2003-08-27 Thread Jesse Sheidlower
On Tue, Aug 26, 2003 at 09:26:55PM -0500, Matt W wrote:
> Hi Jesse,
> 
> - Original Message -
> From: "Jesse Sheidlower"
>
> > What I'm trying to understand is how you would set up these
> > indexes when you'd always be doing joins with another table.
> > Suppose you have The Canonical CD Database, and you have a
> > table "songs" with fields "song_id", "album_id", "song_title",
> > and "song_length". Suppose you're often doing searches of
> > song_title or (for some reason) song_length, and that any time
> > you'd do such a search, you'd _always_ be joining it to the
> > "album" table.
> >
> > It would seem that you'd want at least two multiple-indexes in
> > the "song" table, one of them including "song_title" and
> > "album_id", the other including "song_length" and "album_id".
> > Is this correct? Do you need "song_id" (which would be a
> > primary key on that table) in there too? What order should
> > the indexes be in?
> 
> You wouldn't necessarily want indexes on (song_title, album_id) -- in
> that order -- and/or (song_length, album_id). This reason for this is
> because if any other columns from the song table are involved in the
> query (in the select list or in the WHERE), MySQL will have to hit the
> data file for those columns anyway, and album_id as the second column in
> the index won't be used -- just the first column -- song_title or
> song_length -- if you're searching on them. However, if only the 2
> columns in the index are involved in the query (searching on title or
> length and join with album_id), then having album_id in the index would
> be benficial because no seek to the data file is needed. This can be
> verified by seeing if EXPLAIN says "Using index" for the song table.

[...]

> > If every search for song_title or song_length must be joined
> > against the album table, it's not clear which should be the
> > first named column in this index. The experiments I've done
> > so far have been inconclusive, and I don't think I'm understanding
> > the process in the first place.
> 
> The indexes would be:
> 
> (song_title, album_id)
> (song_length, album_id)
> 
> If the order was reversed (e.g. album_id was first in the index), the
> index couldn't be used for searching.
> 
> And like I said above, if other columns besides the 2 in the index are
> involved in the query, album_id isn't used anyway. In that case, just
> index title and length separately for searching:
> 
> (song_title)
> (song_length)
> 
> Of course, if you included ALL columns that will be used in queries in
> each index (with title or length as the first column in each), then it
> wouldn't have to go to the data file and EXPLAIN would say "Using
> index." But this doesn't usually give much speed improvement and is a
> waste of space. Just letting you know. :-)

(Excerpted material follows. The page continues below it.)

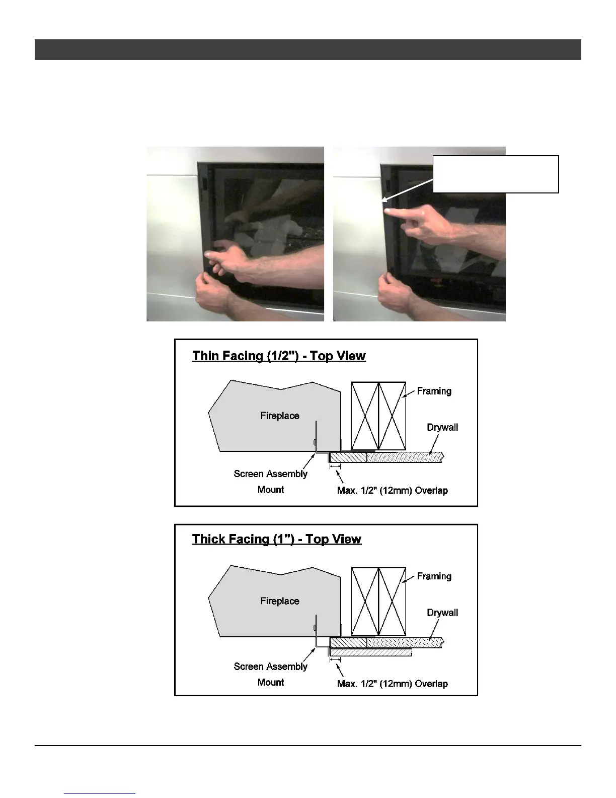 assembly to be positioned 1/2" (13mm) to 1-/12” (38mm) from the front of the fireplace. This allows facing to tuck

Well, if speed rather than space is my main concern, _and_ I can't
predict what the searches will be--i.e. it's quite possible that 
some searches will be only song_title, some will be only song_length,
and some will be both, and some will involve other combinations of
fields not shown in this made-up example--then what? Do I have
several multiple-column indexes, each with (song_title, album_id)
or whatever for each field, along with single-column indexes for
everything (even though every query would be joined on album_id)?
Or do I need to have three- or more-column indexes for all the
potential groups that might be searched? (song_title, song_length,
album_id), (song_title, song_something_else, album_id), etc.?

Thanks very much.

Best,

Jesse Sheidlower

-- 
MySQL General Mailing List
For list archives: http://lists.mysql.com/mysql
To unsubscribe:http://lists.mysql.com/[EMAIL PROTECTED]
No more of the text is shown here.